Copy the lines below as they are; omit the images they contain.

**Information supplied**
────────────────────────────────────────

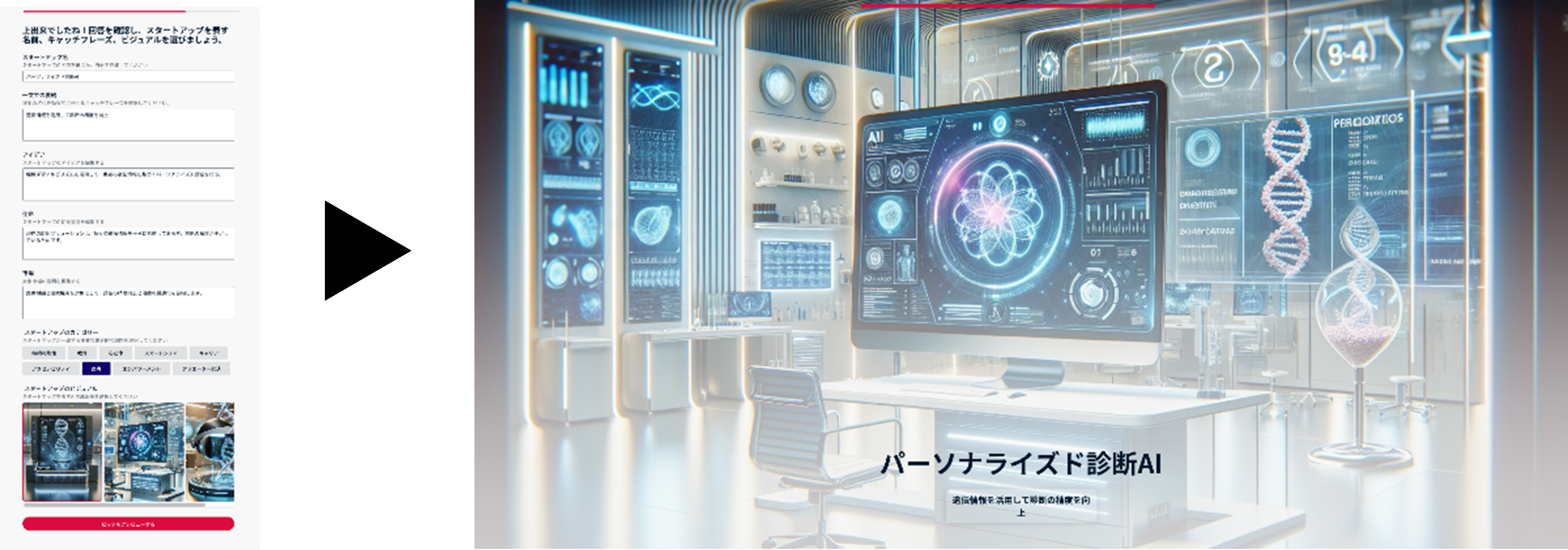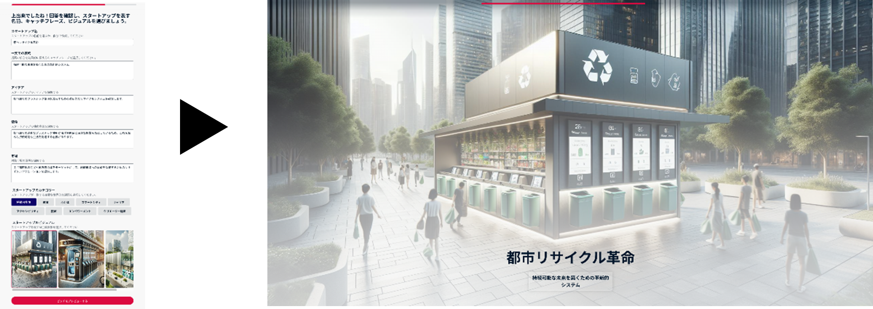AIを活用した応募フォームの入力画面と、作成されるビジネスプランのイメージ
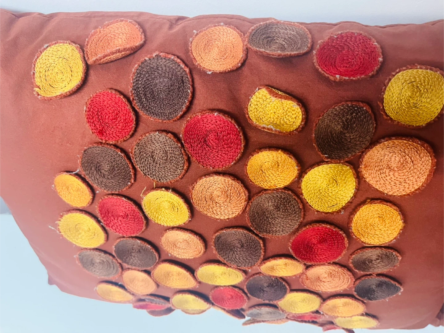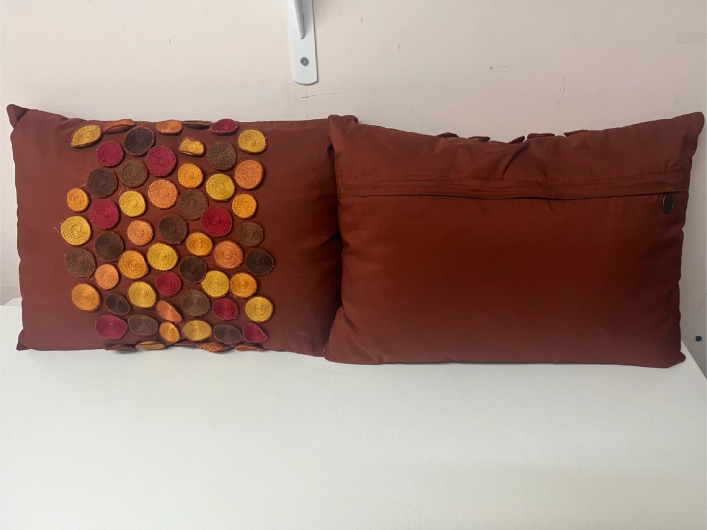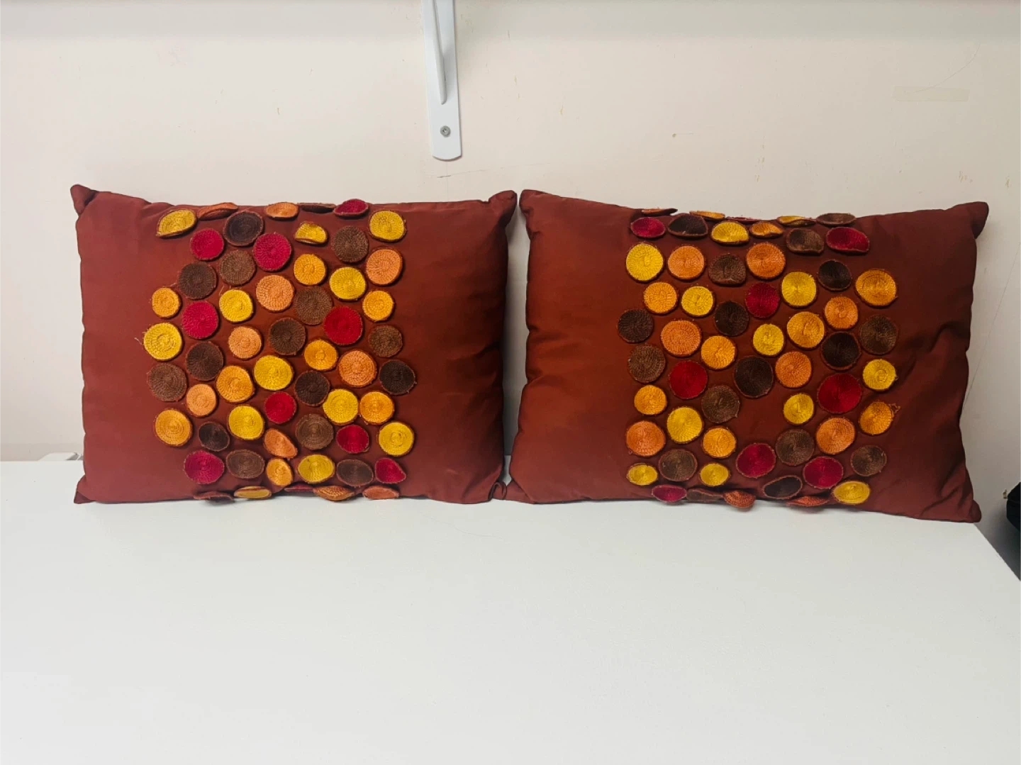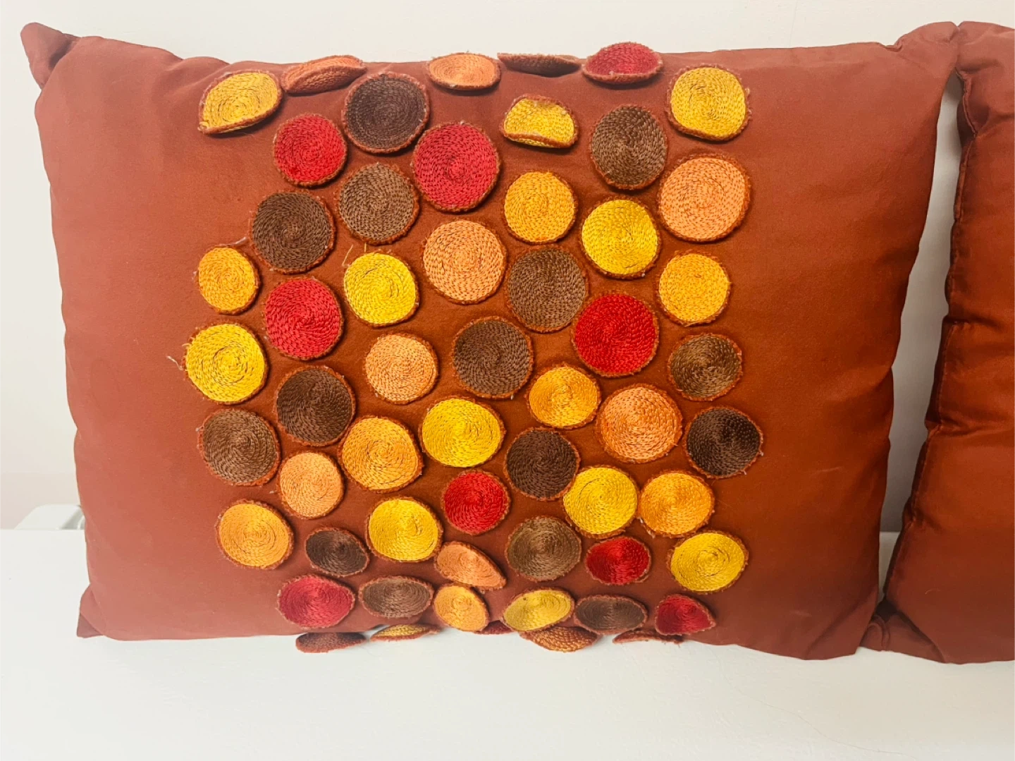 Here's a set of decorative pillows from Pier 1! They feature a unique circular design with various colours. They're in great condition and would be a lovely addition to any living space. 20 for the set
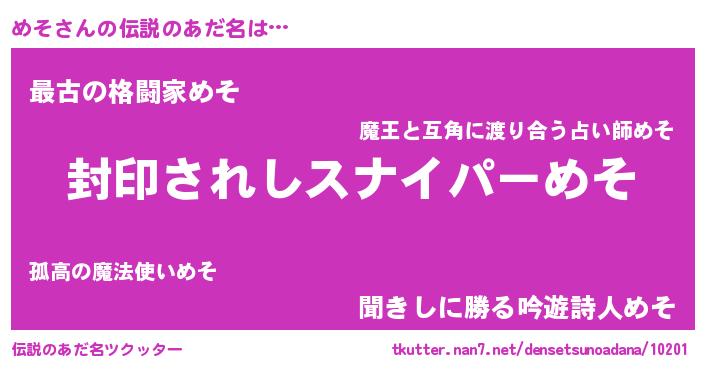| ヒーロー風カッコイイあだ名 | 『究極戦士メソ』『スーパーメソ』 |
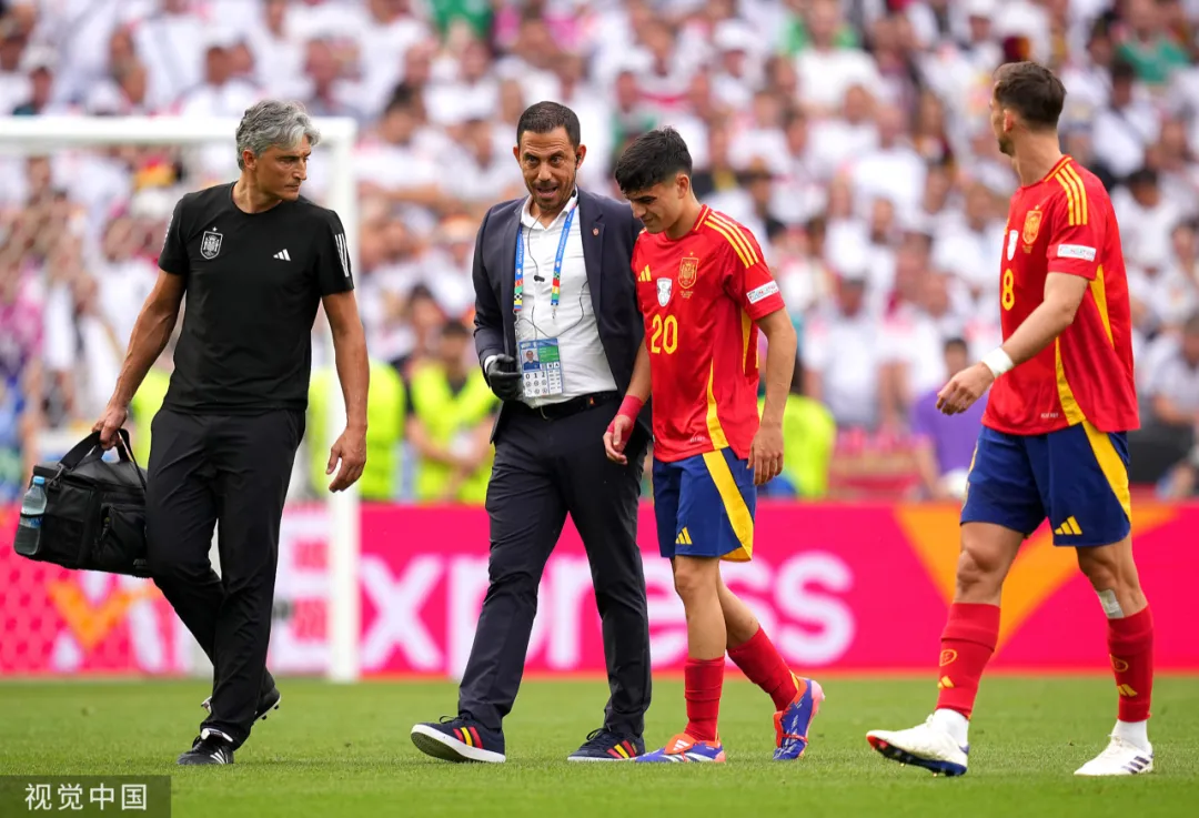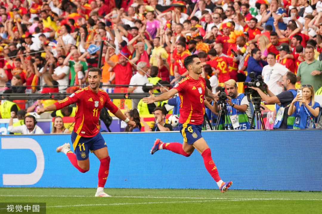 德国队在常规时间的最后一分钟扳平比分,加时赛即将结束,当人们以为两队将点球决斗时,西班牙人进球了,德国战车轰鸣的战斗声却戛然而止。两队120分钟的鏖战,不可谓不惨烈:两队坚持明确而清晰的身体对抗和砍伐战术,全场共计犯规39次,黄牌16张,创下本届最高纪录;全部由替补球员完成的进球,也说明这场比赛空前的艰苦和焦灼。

────────────────────────────────────────

**Response**
AIを活用した応募フォームの入力画面と、作成されるビジネスプランのイメージ
 Here's a set of decorative pillows from Pier 1! They feature a unique circular design with various colours. They're in great condition and would be a lovely addition to any living space. 20 for the set
| ヒーロー風カッコイイあだ名 | 『究極戦士メソ』『スーパーメソ』 |
 德国队在常规时间的最后一分钟扳平比分,加时赛即将结束,当人们以为两队将点球决斗时,西班牙人进球了,德国战车轰鸣的战斗声却戛然而止。两队120分钟的鏖战,不可谓不惨烈:两队坚持明确而清晰的身体对抗和砍伐战术,全场共计犯规39次,黄牌16张,创下本届最高纪录;全部由替补球员完成的进球,也说明这场比赛空前的艰苦和焦灼。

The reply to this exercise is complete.